I read your comments out loud and you made us both cry. We love you. Thank you.
Fantastic, Tammy and Grant! It is like a “professional -fill-in the blanks” program. The background (wet mark) of koi in the background … on these pages are subtle and, initially, just viewed as coloring in the background. But as I started to think about my initial entry–I noticed the koi hiding behind the red blog.
You both amaze me and I am proud to say that I know these authors. I, too, was angry to hear that the initial findings of Natalie’s Cancer was only identified because of a loving and caring Mom, who was not in a hurry to get out of the doctor’s office when they failed to do a complete lab work that was expected by a Mom.
…I immediately felt sad that I had commented to Natalie that SHE had to continue to carry her medium sized stuffed animal because she said that she wanted to bring it with her during one of the outings that Tammy and Grant had planned for us-before we found out that she had cancer.
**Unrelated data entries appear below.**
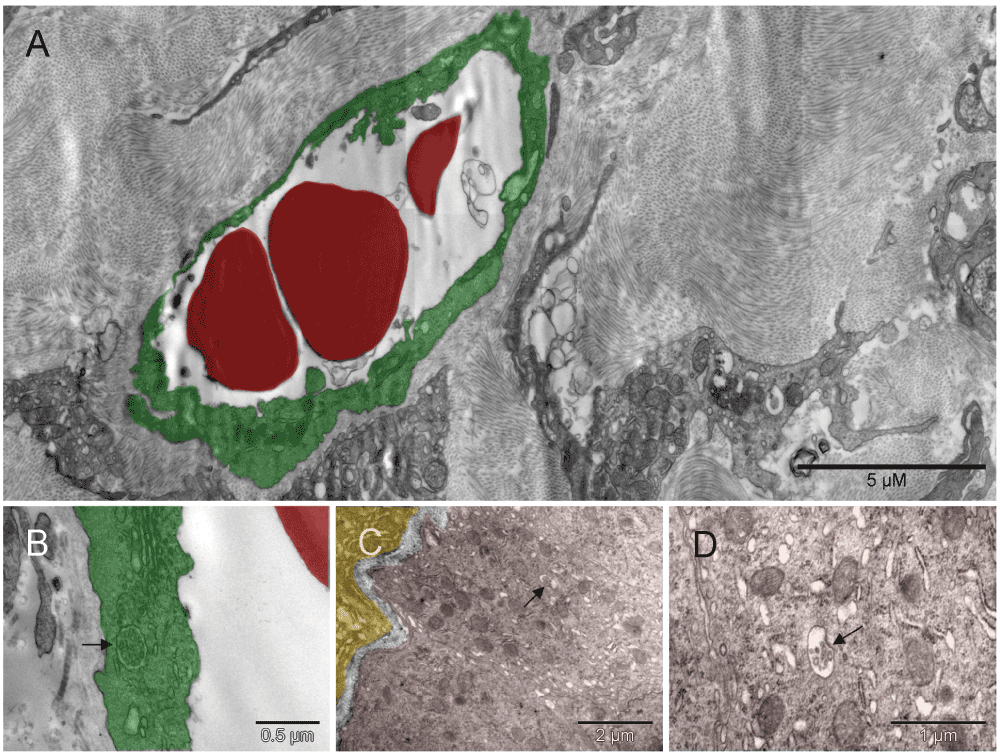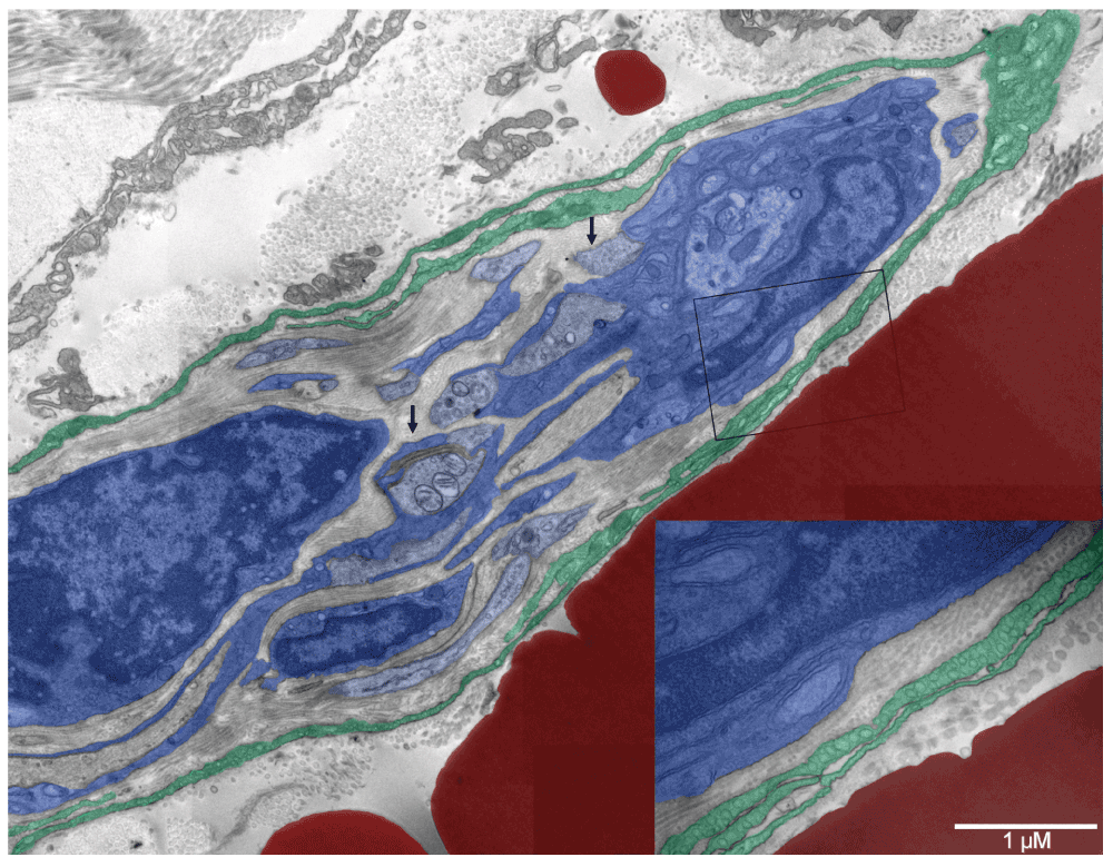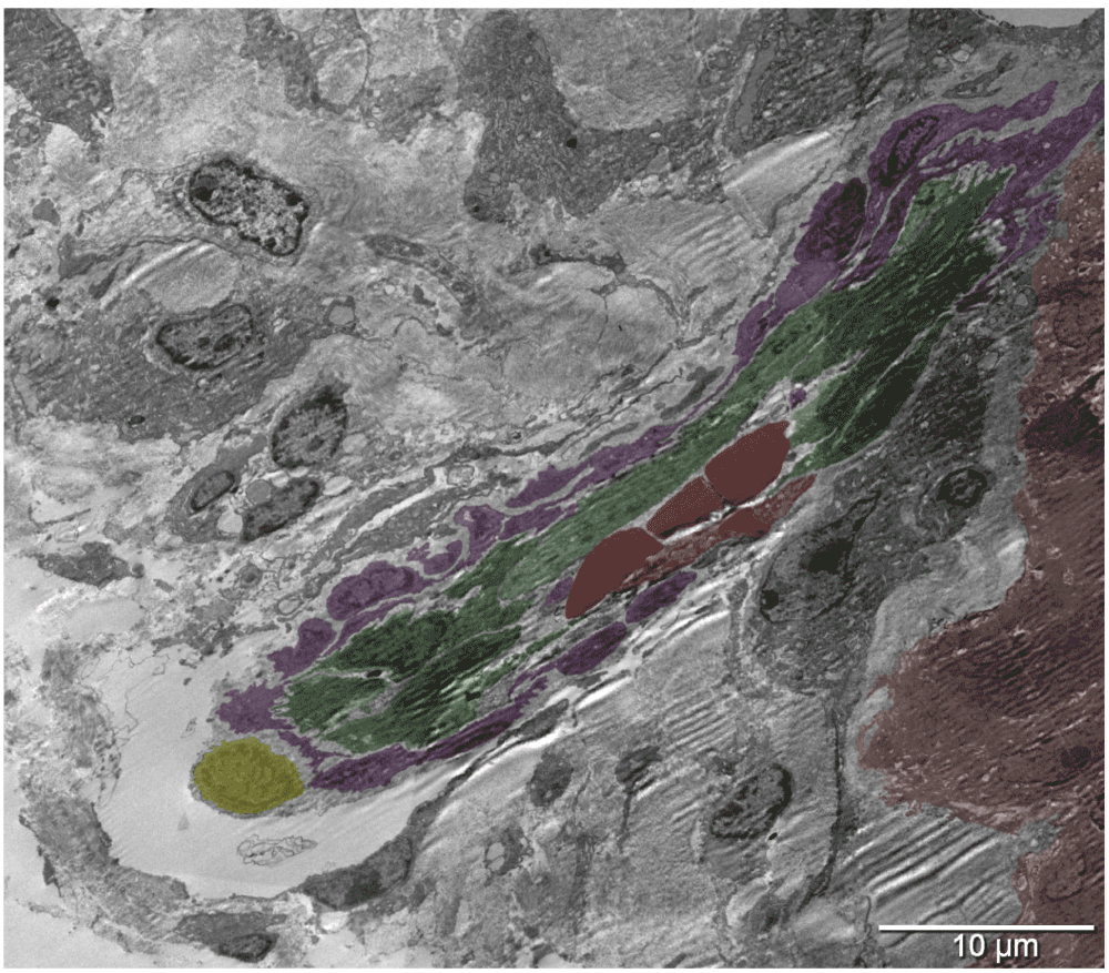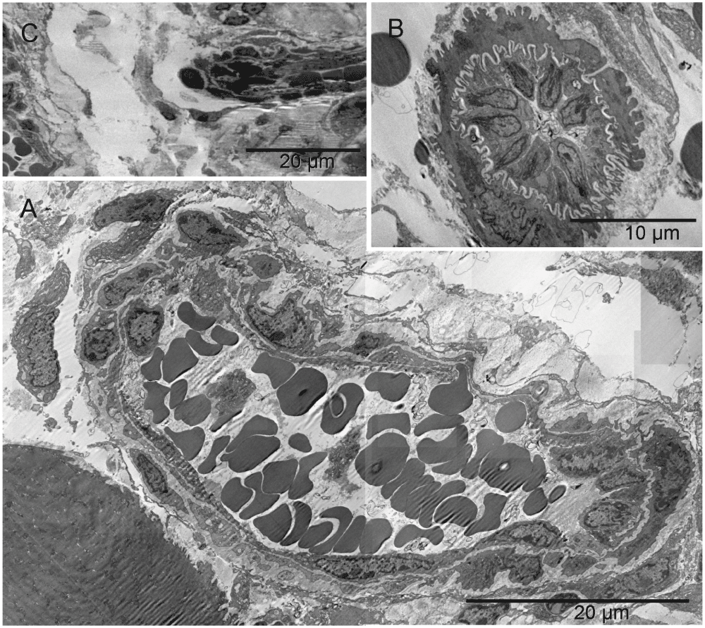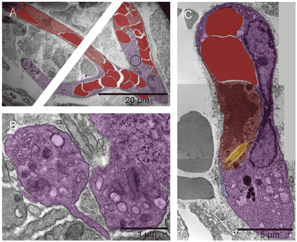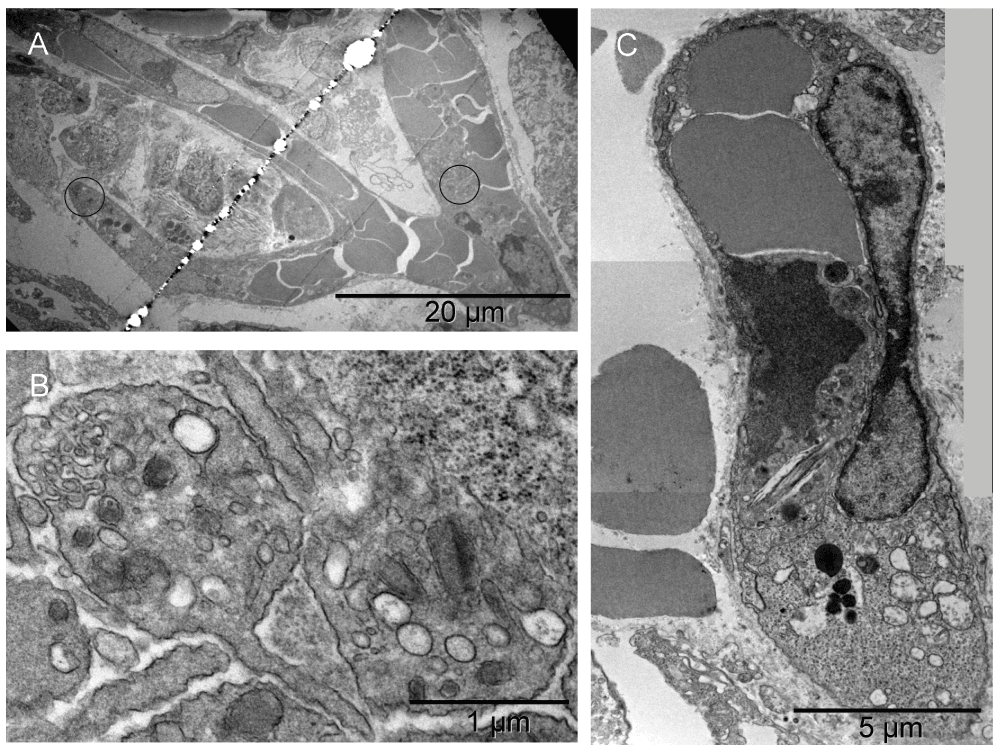 Moreover, developing nerves accompanied some forming vessels (Figure 14, Figure S14, and Figure 15 & Figure S15 [D & E]). One displayed a few nerve fibers at early stages of myelination and a lack of mature synapses despite the presence of multiple nerve boutons with synaptic vesicles. Next to it, an equivalent number of cells committed to the erythropoietic pathway generated a giant erythro-schizosome, although perhaps normally there would have been a cluster of erythrosomes (“erythropoietic lake”) in a forming vessel. Whether this particular one was going to be successful in producing normal erythrosomes or was just a part of the ongoing cytoevolution was not clear. The cells that surrounded the developing nerve did not necessarily derive from the ectoderm. They ended up on the surface of neuroplax but had much in common with endothelium, morphologically and functionally – namely, a flattened shape, plenty of caveolae to control the microenvironment of the developing neurons and Schwann cells. Caveolae were shown elsewhere to contain ATP-ase that could be processing ATP secreted by the giant erythroschizont right next to it60–63. Such concerted differentiation resulting in different functions would have been unlikely to happen without coordinated regulation of the vasculature and nerves.
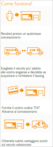Sfruttate le condizioni del Programma TNT ADVANCE per ottenere vantaggiosi sconti sull’acquisto di veicoli commerciali leggeri Fiat ed Iveco. Potete ottenere sconti fino al 25% sul prezzo di listino per tutti i veicoli acquistati o gestiti in leasing. Gli sconti sono validi anche per alcuni accessori. Il Vostro Codice Personale TNT ADVANCE permetterà di accedere agli sconti in modo semplice e rapido.
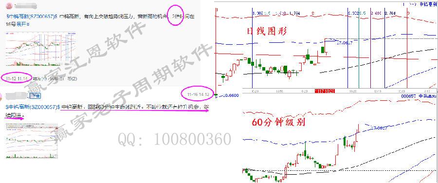 中鎢高新,里邊運用到了一個經(jīng)常講的知識點,12號選出,15號攻擊藍(lán)色上軌線失敗回踩,按照之前講過的知識點,當(dāng)個股上攻藍(lán)色上軌線回落,就要結(jié)合60分鐘生命線判斷是洗盤還是趨勢上攻結(jié)束。16號回踩60分鐘生命線位置,且也到了前面分析講的日線2倍時間變盤點。企穩(wěn)反轉(zhuǎn)拉升,今天漲停突破藍(lán)色上軌線,進(jìn)入新的空間。一旦站穩(wěn)藍(lán)色上軌線,目標(biāo)就是紅色上軌線。只要能看懂了,這一波的利潤就不會錯過。這就是江恩周期之間的關(guān)系的具體用法,大周期制約小周期,小周期引導(dǎo)大周期。
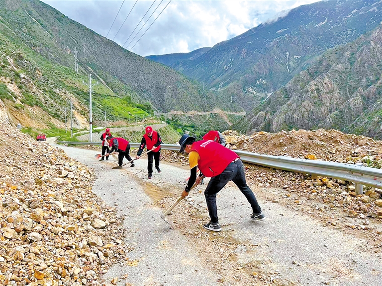 圖為芒康縣曲登鄉(xiāng)黨員開展志愿服務(wù)活動,清理阻塞道路的落石。

I am amazed at the sheer will power that both Tammy and Grant have in everything that they do. Mom and I would drive up to Pleasant Hill to help for a mere week or more. But despite a long day at the hospital and work for Tammy and Grant, one of them would then drive both of us back home after taking our turn at the hospital. Yes, the traffic was irritating due to the people going to or from work, too.
Grant’s initial guidance to us in response in our question: what do you want us to do today? (he’s really saying-do you want the long list or short list. Tammy and Grant have so many things going through their minds about Natalie, the hospital, the doctors, the nurses, their work.) He said don’t ask us that. It creates more confusion as it now requires them to stop and to begin to reorganize their thoughts and either of them having to stop to see where they are at and all the things that they have going through their lists of things. Neither are going to be upset if Mom and I don’t do everything that they would like us to do. If we see something that needs to be done that fits into “our” schedule then that is fine.
It is amazing what the four or them have accomplished on a daily basis. And, yes, Sean had to grow up very quickly in a short period of time. I remember one of the things that he commented on after numerous trips back and forth to visit and to make Natalie’s day better. Someone asked what he would like to do.
Sean said, well, you know how Natalie sits in bed and gets to eat in bed, too. I would like to eat in bed,too.
Tammy and Grant and Sean are special people who want to share their story. I am glad that they made us more than a part of their lives.
Sorry for joining this blog at such a late date. But I am enjoying your inputs.
Thanks, dad. I needed that. Not having a great morning.